Do you have such a single sign on configuration on the new Linux VM you
mentioned?  If so this may tend to explain why 'ls' in the Linux guest
is slow at the same time Windows share operations are also slow, as both
rely on the AD/DC server.

> Every machine (VM and physical) are configured with the DC DNS IP.
> However, no server gets any details from DHCP, they are all static
> configurations.

Got it.  Just covering the bases.

...
>>> I see the following event logs on the DC:
>>> NTDS (764)NTDSA: A request to write to the file "C:\WINNT\NTDS\edb.chk"
>>> at offset 0 (0x0000000000000000) for 4096 (0x00001000) bytes succeeded
>>> but took an abnormally long time (72 seconds) to be serviced by the OS.
>>> This problem is likely due to faulty hardware. Please contact your
>>> hardware vendor for further assistance diagnosing the problem.
>>
>> Microsoft engineers always assume drive C: is a local disk.  This is why
>> the error msg says "faulty hardware".  But in your case, drive C: is
>> actually a SAN LUN mapped through to Windows by the hypervisor, correct?
>>   To incur a 72 second delay attempting to write to drive C: indicates
>> that the underlying hypervisor is experiencing significant delay in
>> resolving the IP of the SAN1 network interface containing the LUN, or IP
>> packets are being dropped, or the switch is malfunctioning.
>>
>> "C:\WINNT\NTDS\edb.chk" is the Active Directory database checkpoint
>> file.  I.e. it is a journal.  AD updates are written to the journal,
>> then written to the database file "NTDT.DIT", and when that operation is
>> successful the transaction is removed from the checkpoint file (journal)
>> edb.chk.  Such a file will likely be read/write locked when written due
>> to its critical nature.  NTDT.DIT will also likely be read/write locked
>> when being written.  Look for errors in your logs related to NTDT.DIT
>> and Active Directory in general.
> 
> This event happened last week, in the midst of when all the users were
> re-caching all their email. At the same time, before I had worked that
> out, I was attempting to "fix" a standalone PC users problems with their
> PST file (stored on the SMB server). The PST file was approx 3GB, and I
> copied it from the SMB server to the local PC, ran scanpst to repair the
> file. When I attempted to copy the file back to the server (the PC is on
> a 100Mbps connection), 

Let's assume for now that this was just an ugly byproduct of the NT
kernel going out for lunch at the time.  And this would make sense in
the case of the kernel driver issue in the KB article below.

> the server stopped responding (totally), even
> though the console was not BSOD, all network responses stopped, no
> console activity could be seen, and SMB shares were no longer
> accessible. I assumed the server had been overloaded and crashed, in
> actual fact it was probably just overloaded and very, very, very, slow.

A 3GB file copy to a share over 100FDX won't overload a windows server
if it's configured properly.  These may apply to your problem, probably
many more:

http://support.microsoft.com/kb/822219
http://support.microsoft.com/kb/2550581

These don't address AD non-responsiveness, but with Windows, it's
certainly possible that the SMB problem described here is negatively
impacting the AD service, and/or other services.  Windows is rather
notorious for breakage in one service causing problems with others due
to the interdependent design or Windows processes, unlike in the UNIX
world where daemons tend to be designed for fault isolation.
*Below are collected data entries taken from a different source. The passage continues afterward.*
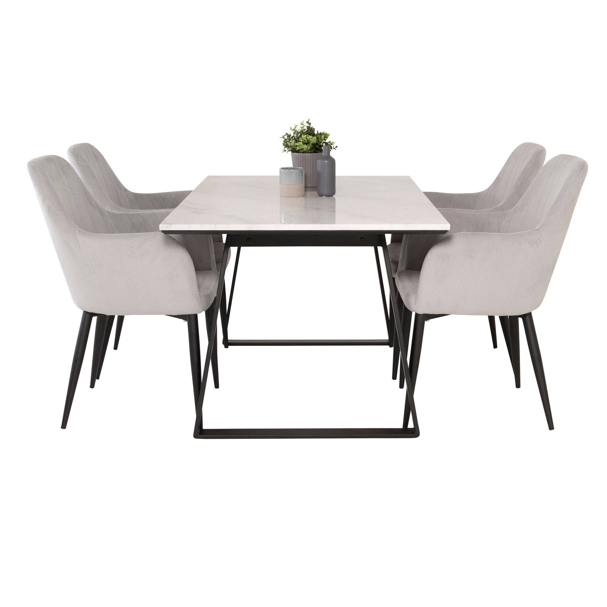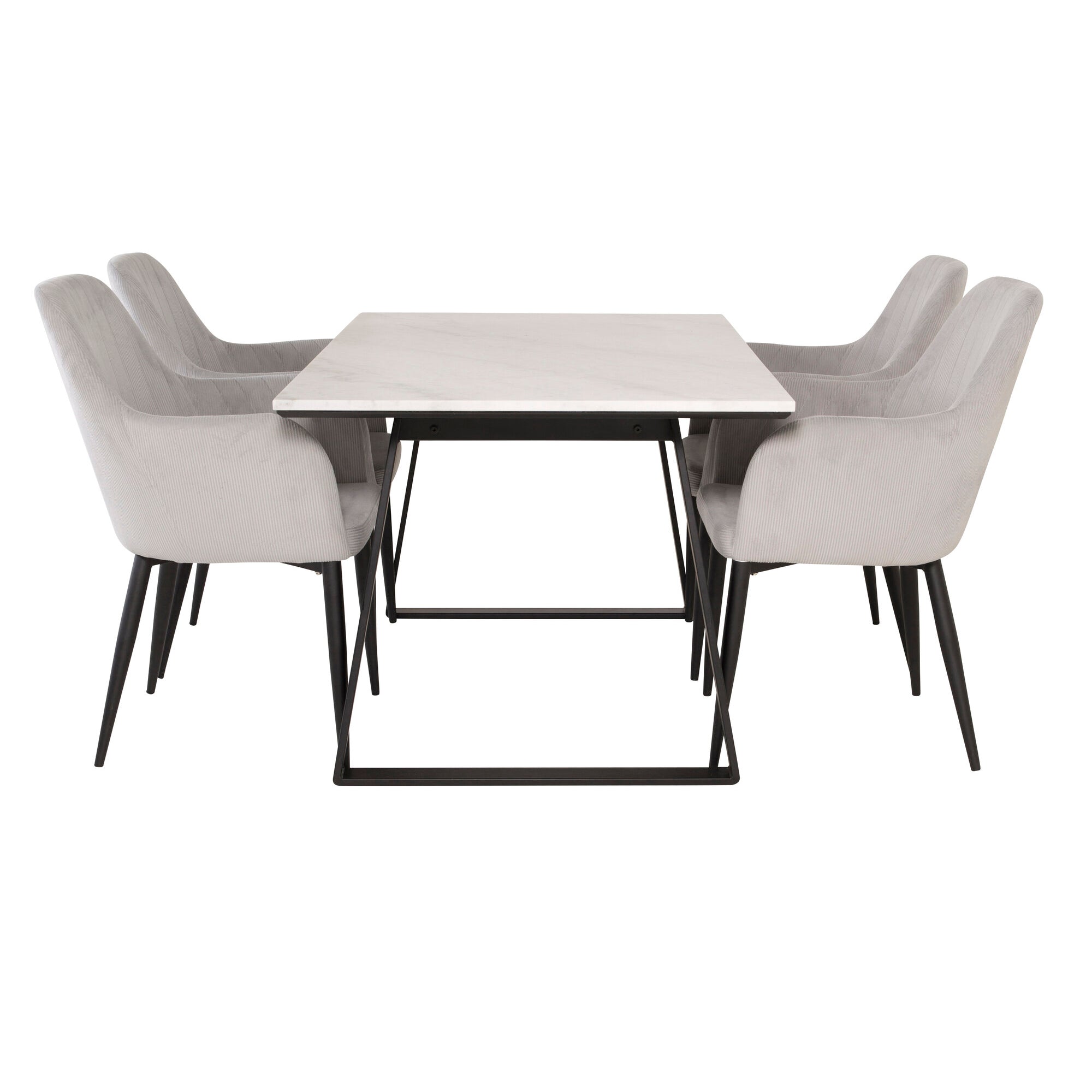 Jídelní stůl Estelle 140*90 – bílý mramor / černé nohy + komfortní jídelní židle – černé nohy / světle šedý manšestr _4
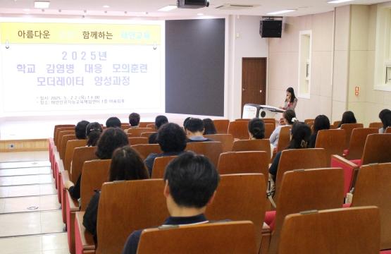 충청남도태안교육지원청은 지난 22일 청사 어울림홀에서 초·중·고등학교 감염병 업무 담당 교사 30명을 대상으로 ‘2025년 학교 감염병 위기대응 모의훈련 모더레이터 양성과정 연수’를 실시했다.
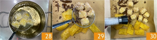 Dans la même huile, faites également frire les morceaux de morue 28 et, une fois dorés, égouttez-les toujours sur le papier absorbant 29. Salez à votre convenance 30.
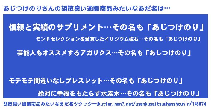 | ヘコむあだ名 | 『あじっ子』『あじつけのり(笑)』 |
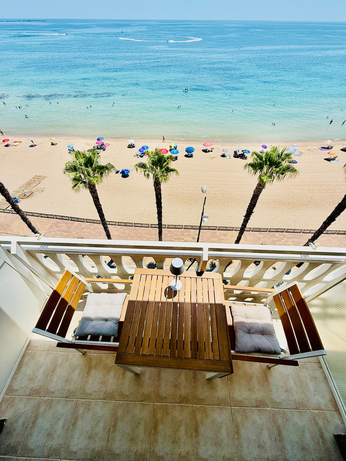 Apartamento en planta baja, a 50 metros de la playa y 150 metros del centro. Mucha claridad, recién reformado, a estrenar! Lugar tranquilo y elegante. Acogedor para familias con hijos, parejas o amigos, y con todo lo necesario para relajarte y desconectar en tus vacaciones junto a la playa.
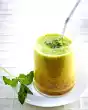 Finely puree milk, avocado, coriander, except for something to garnish, chilli cubes and lime juice. Season to taste with salt and ##tabasco##. Arrange in glasses and garnish with chilli, ##coriander## and Tabasco.
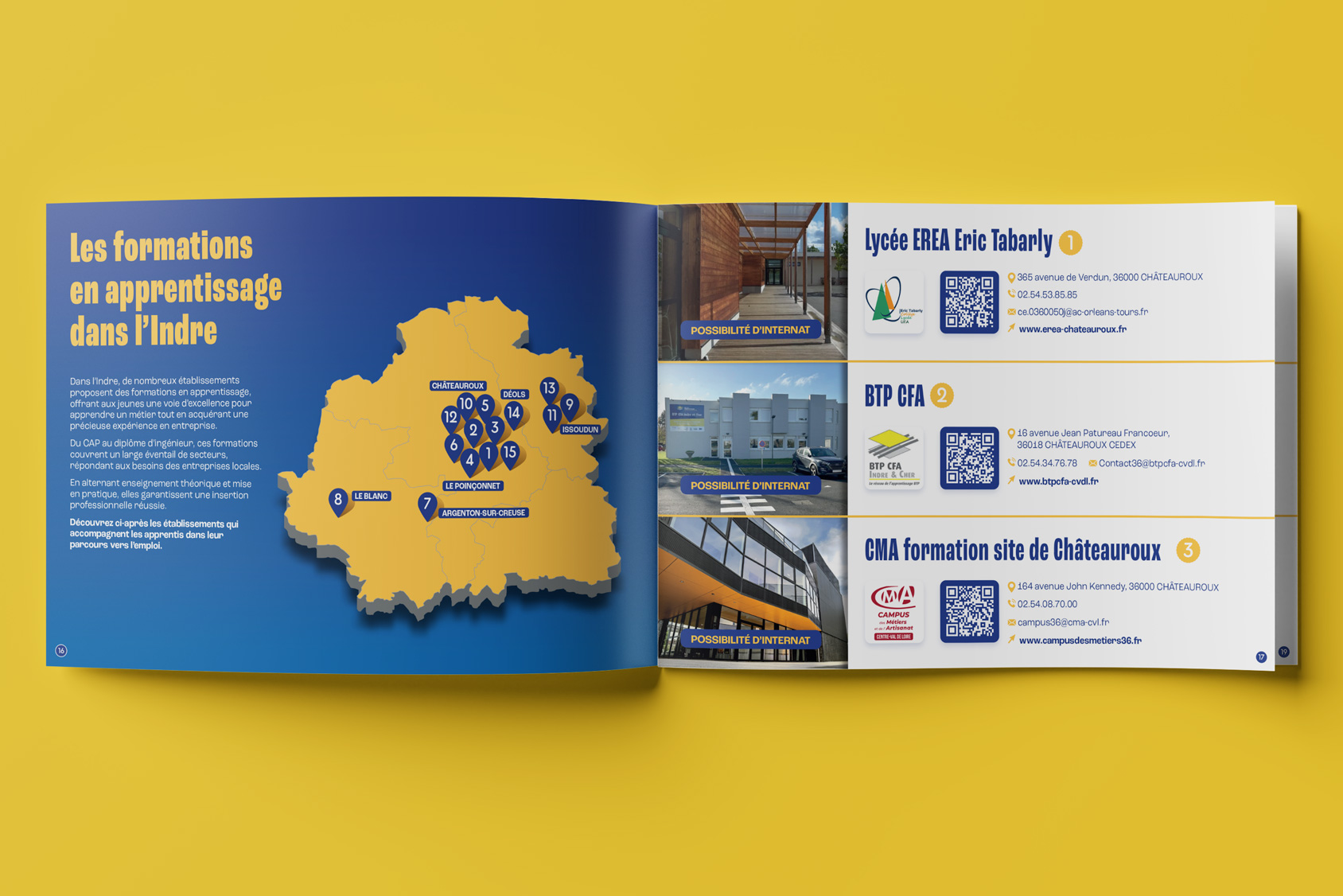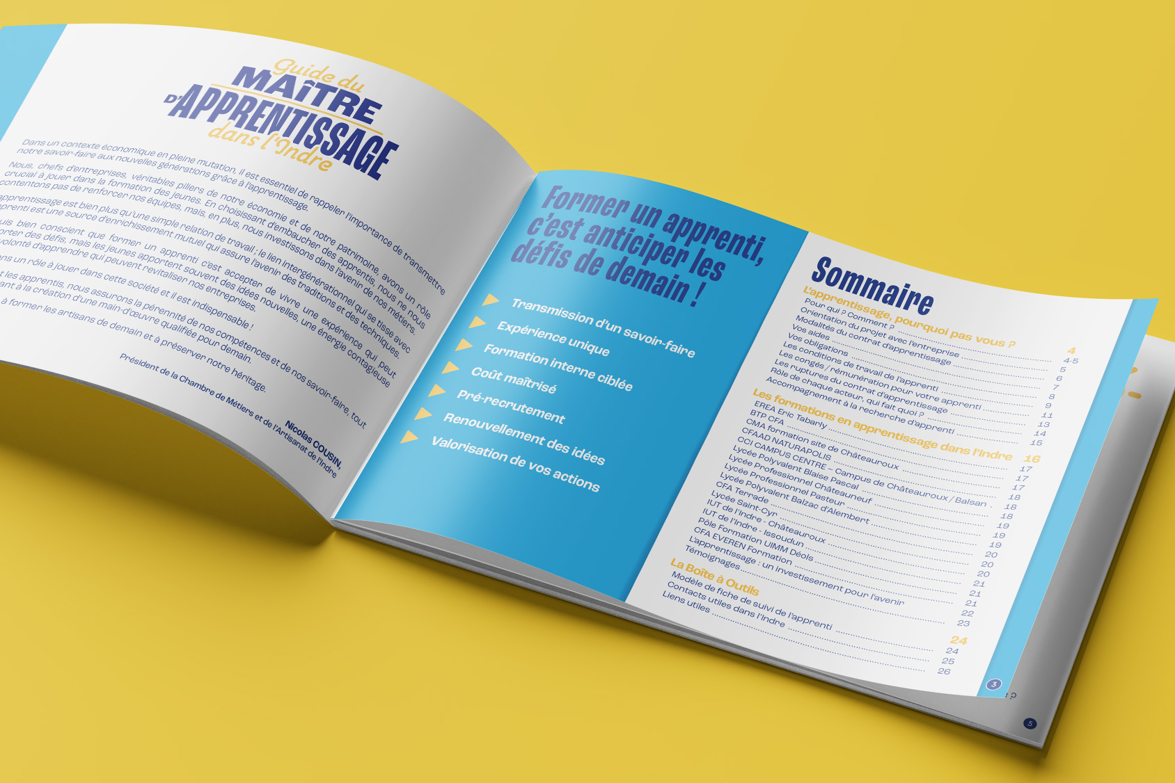 Suite au succès du Guide de l’Apprentissage dans l’Indre destiné aux jeunes en recherche d’une formation en alternance, la DDETSPP 36 et la Chambre de Métiers et de l’Artisanat de l’Indre nous ont confié la création d’un document orienté entreprises. Objectif : faciliter, de A à Z, la mise en place d’un contrat d’apprentissage au sein des structures du territoire.
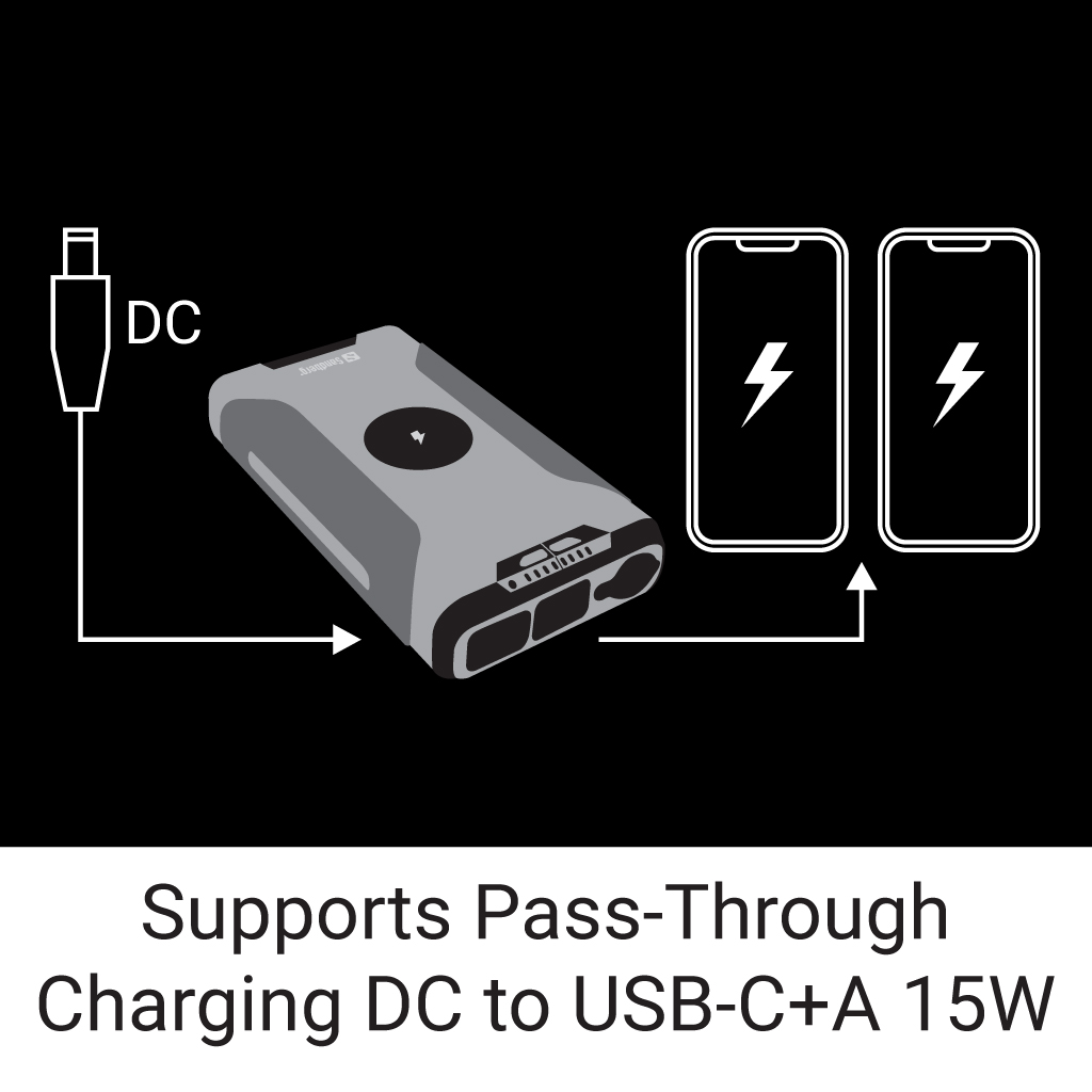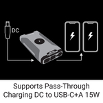 • Supports Pass-Through Charging: Yes. While DC is input, USB-C2 & USB-A can do output at the same time (15W max per port).

> I forced a reboot from the hypervisor, and the above error message was
> logged in the event viewer about 10 minutes after the crash, probably
> when I tried to copy the same file again. After it did the same thing
> the second time (stopped responding) I cancelled the copy, and
> everything recovered (without rebooting the server). In the end I copied
> the file after hours, and it completed normally. So, I would suspect the
> 72 seconds occurred during that second 'freeze' when the server wasn't
> responding but I patiently waited for it to recover. This DC VM doesn't
> crash, at least I don't think it ever has, except when the san
> crashed/got lost/etc...

Windows event logging is anything but realtime.  It will often log an
error that occurred before a reboot long after the system comes back up.
 Sometimes the time stamp tells you this, sometimes it doesn't...

>>> That type of event hasn't happened often:
>>> 20140314 11:15:35   72 seconds
>>> 20131124 17:55:48   55 minutes 12 seconds
>>> 20130422 20:45:23   367 seconds
>>> 20130410 23:57:16   901 seconds

Looks like the SAN LUNs were unavailable at these times.  The above are
all on the DC Xen host correct?  Did the other Windows VMs log delayed
C: writes at these times?

> As part of all the previous work, every layer has been configured to
> stall rather than return disk failures, so even if the san vanishes, no
> disk read/write should be handed a failure, though I would imagine that
> sooner or later windows should assume no answer is a failure, so
> surprising indeed.

This is "designing for failure" and I recommend against it.  If one's
SAN is properly designed and implemented this should not be necessary.
All this does is delay detection of serious problems.  Even with a home
brew SAN this shouldn't be necessary.  I've done a few boot from SAN
systems and never did anything like you describe here, but not on home
brew hardware, but IBM blades with Qlogic FC HBAs.

...
> I do have an installation of Xymon (actually the older version still
> called Hobbit) which catches things like logs, cpu, memory, disk,
> processes, etc and stores those things as well as alerts. I've never

Ok, good, so you've got some monitoring/collection going on.

> actually setup munin, but I have seen some of what it produces, and I
> did like the level of detail it logged (ie, the graphs I saw logged
> every smart counter from a HDD).

It can be pretty handy.

>>> Also looking on the terminal servers has produced a similar lack of
>>> events, except some auth errors when the DC has crashed recently.
>>
>> This DC is likely the entirety of your problems.  This is what I was
>> referring to above about reliability.  Why is the DC VM crashing?  How
>> often does it crash?
...
>> An unreliable AD/DNS server could explain the vast majority of the
>> problems you're experiencing.
...
> Nope, definitely not using DNS for the SAN config, iscsi, etc.. I'm
> somewhat certain that this isn't a DNS issue.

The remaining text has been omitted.